432 Park Avenue: Harry Macklowe flips off New York City

December 28, 2014

432 Park Avenue (center in the photo above) claims the title of tallest residential building in the Western Hemisphere, and second tallest building (after the new One World Trade Center) in New York City, but if measured by roof height the tallest. It’s described by its architect, Rafael Viñoly, as designed around “the purest geometric form: the square.” Not only is the building’s horizontal cross section a square, but all the windows are squares.  It dominates the midtown skyline with the grace of a colossal headless Pez dispenser, or upraised middle finger (the photo above was taken from Pier 1, Brooklyn Bridge Park). Aaron Betsky admires its “relentlessness”; I demur. Betsky also celebrates how 432 Park “represents the transformation of this and every other city into a place for the wealthy to live and play” as if driving out struggling artists and other relatively impecunious but creative people, and the inexpensive infrastructure that supports them, constitutes progress.
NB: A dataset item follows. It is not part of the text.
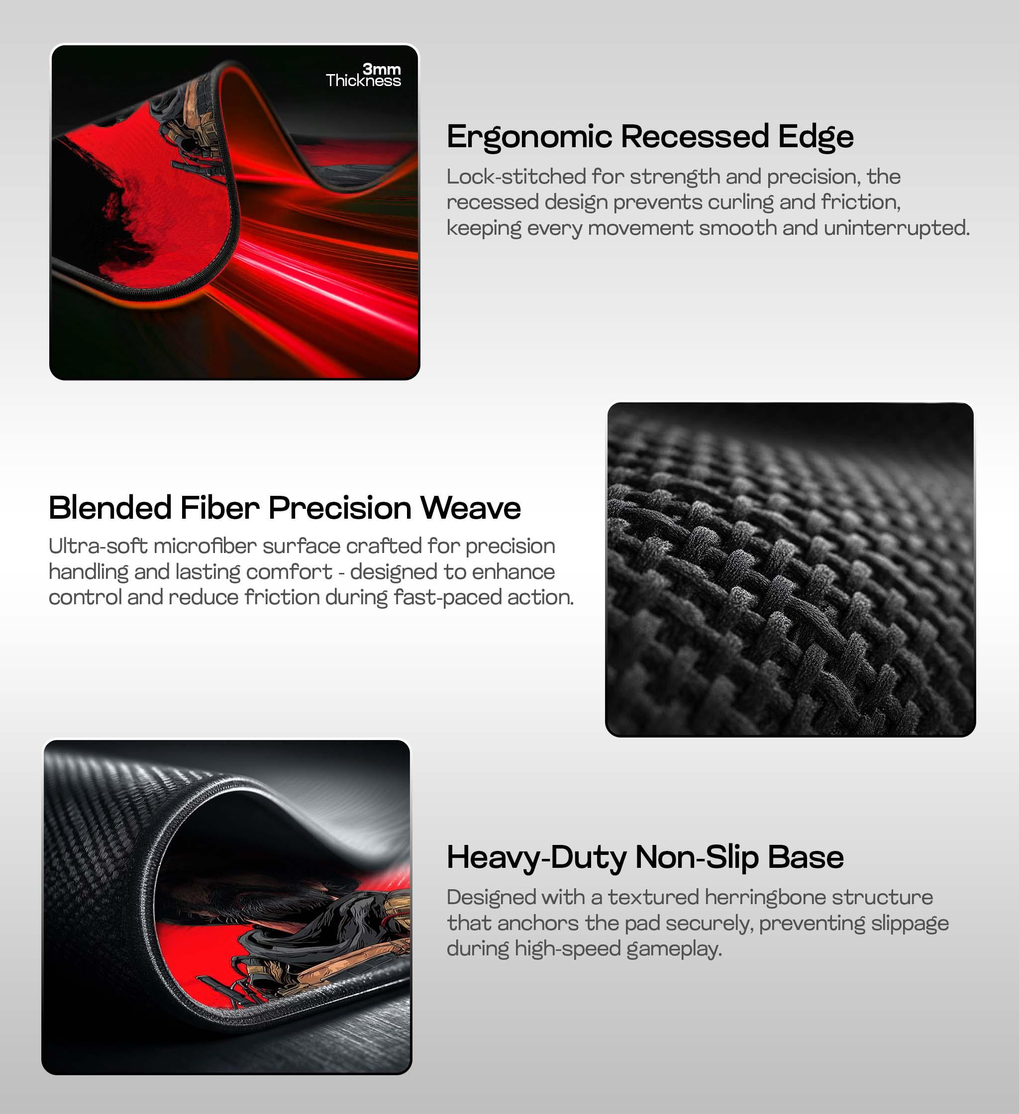Engineered for those who play to win, the micro-textured surface provides razor-sharp tracking and fluid glide, while anti-fray stitching and a reinforced non-slip rubber base ensure rock-solid reliability under any pressure. Built not just for performance — but for presence.

With bad luck, we may be subjected to more Viñoly designs, like 125 Greenwich Street, all of which will end up being pieds a terre for billionaires, with perhaps a few lower floor, smaller apartments going to mere multi-millionaires.

Viñoly discusses his design philosophy in this video. He plays piano well.

The developers of 432 Park are CIM Group and Macklowe Properties. Harry Macklowe is a developer whose company was once fined two million dollars for reckless endangerment resulting from the rapid night-time demolition of two buildings. Macklowe compares 432 Park to the Mona Lisa.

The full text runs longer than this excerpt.